Вернемся на некоторое время к тому тексту, в котором Иоанн, автор четвертого Евангелия, осуществляет этот переворот по отношению к стоикам. Вот что он говорит (а я даю в скобках свой комментарий):
В начале было Слово [логос], и Слово было у Бога, и Слово было Бог. Все чрез Него начало быть, и без Него ничто не начало быть… [Пока все идет хорошо, и стоики могли бы еще быть с Иоанном согласны, в частности с его идеей о том, что логос и божественное являются одной и той же реальностью.] И Слово стало плотию [тут дело начинает портиться!], и обитало с нами [все пошло насмарку: божественное стало человеком, воплотилось в Иисусе, что в глазах стоиков не имело совершенно ни малейшего смысла!]. И мы видели славу Его, славу, как Единородного от Отца [с точки зрения греческих мудрецов, эта идея представляет собой верх бреда, потому что ученики Христа представлены как свидетели преображения логоса/Слова, то есть Бога, в человека, то есть в Христа, и будто бы последний был сыном первого!].
Что все это значит? Просто-напросто — если так можно выразиться, хотя в те времена это было вопросом жизни и смерти, — божественное, как я тебе на то уже указал, изменило свой смысл; оно больше не является безличным устройством мироздания, оно, напротив, является отдельной личностью, личностью Христа, «Человека-Бога». Этот головокружительный смысловой сдвиг увлечет европейское общество на совершенно иной путь по сравнению с путем древних греков. В нескольких первых строках своего Евангелия Иоанн предлагает нам поверить в то, что воплощенное Слово, божественное как таковое, больше не является рациональным и гармоничным устройством космоса, универсального порядка как такового, а является обычным человеческим существом. Как мало-мальски разумный стоик мог допустить, чтобы над ним так насмехались, чтобы обращали в шутку все то, во что он верит? Ведь совершенно очевидно, что такая перемена смысла далеко не невинна и способна оказать огромное влияние на учение о спасении, на вопрос о нашем отношении к вечности и даже к бессмертию.

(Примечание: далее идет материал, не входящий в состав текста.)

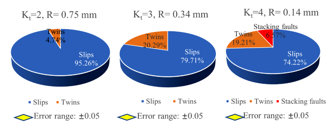 贵州大学黄朝文教授课题组前期研究发现,除显微组织外,应力或应变参数的改变,也显著影响钛合金的高周(Int. J. Fatigue., 2017,94:30-40.; J. Alloy. Compd., 2017,695:1966-1975; Mater. Sci. Eng. A, 2017,682:107-116.)和低周拉压疲劳(Mater. Sci. Eng. A, 2021,803:140505.; Int. J. Fatigue, 2022,156:106678.)的循环变形、裂纹萌生机制及疲劳寿命。但组织和缺口参数对钛合金高周疲劳损伤的协同影响机制尚不明晰。另外,片层组织是钛合金的典型服役组织,具有类似片状马氏体的多层次特征,依据尺寸从大到小依次可划分为:第一层次(原始β晶粒);第二层次(原始β晶粒内的α集束);第三层次(α集束内平行排列的α片)。不同层次组织对合金的强塑性、韧性有显著影响(Mater. Des., 2019, 180, 107898; Mater. Sci. Eng. A, 2019, 740-741, 121-129; J. Mater. Sci., 2021, 56, 8848-8870),但其对疲劳损伤影响机制也尚不清楚。因此,结合钛合金多层次片层组织特征和实际构件含缺口(如轴肩、键槽等)的现象,本文设计了R= 0.75、0.34 和0.14 mm三种不同缺口根部半径试样;系统研究了不同组织层次和不同缺口根部半径对Ti-55531合金高周疲劳损伤微观机制的协同影响规律;阐明了显著影响缺口根部循环塑性变形的关键组织单元和相关的循环变形机制等。此外,采用ANSYS有限元方法,模拟研究了缺口根部应力和应变分布,进一步验证了疲劳实验分析的准确性(图1)。主要结论如下:
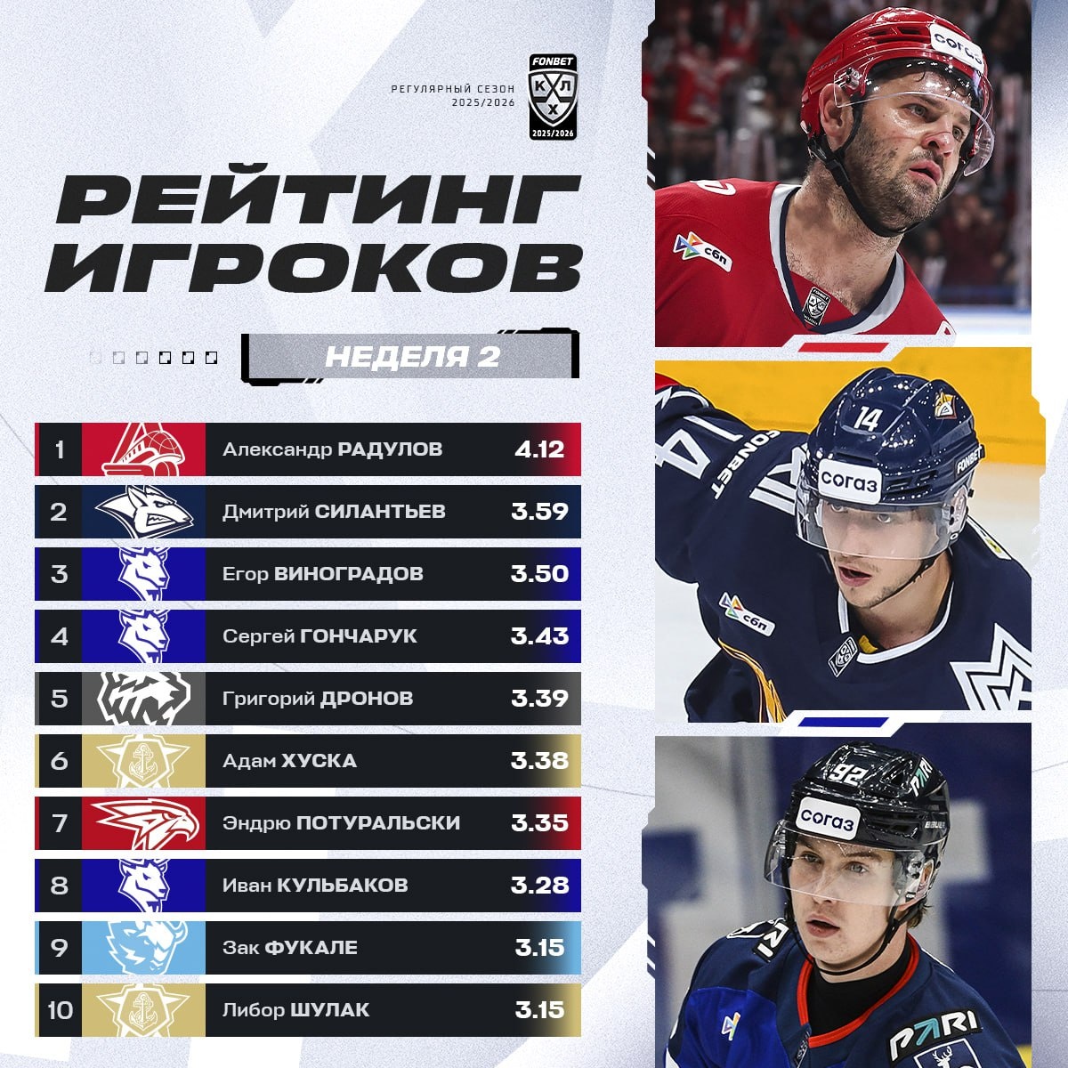 Радулов, Силантьев и Виноградов в тройке лидеров нового Рейтинга игроков.

Вскоре мы увидим, почему Марк Аврелий прикажет казнить Иустина Философа, бывшего стоика, ставшего первым Отцом Церкви и первым христианским философом.
А пока разовьем немного новые аспекты этой необычной теории. Ты помнишь, что теория всегда включает в себя два аспекта: с одной стороны, то сущностное устройство мира, которое она нам открывает (божественное), с другой — те инструменты познания, которые она привлекает для его достижения (созерцание). Но тут меняется не только божественное (theion), которое становится совершенно личным существом, меняется также orao, созерцание или, если угодно, манера созерцать, понимать и подходить к этому. Отныне теоретическим средством является не разум, а вера. Именно в этом религия будет всеми силами противопоставлять себя рационализму, лежащему в основе философии, и тем самым вскоре свергнет ее с престола.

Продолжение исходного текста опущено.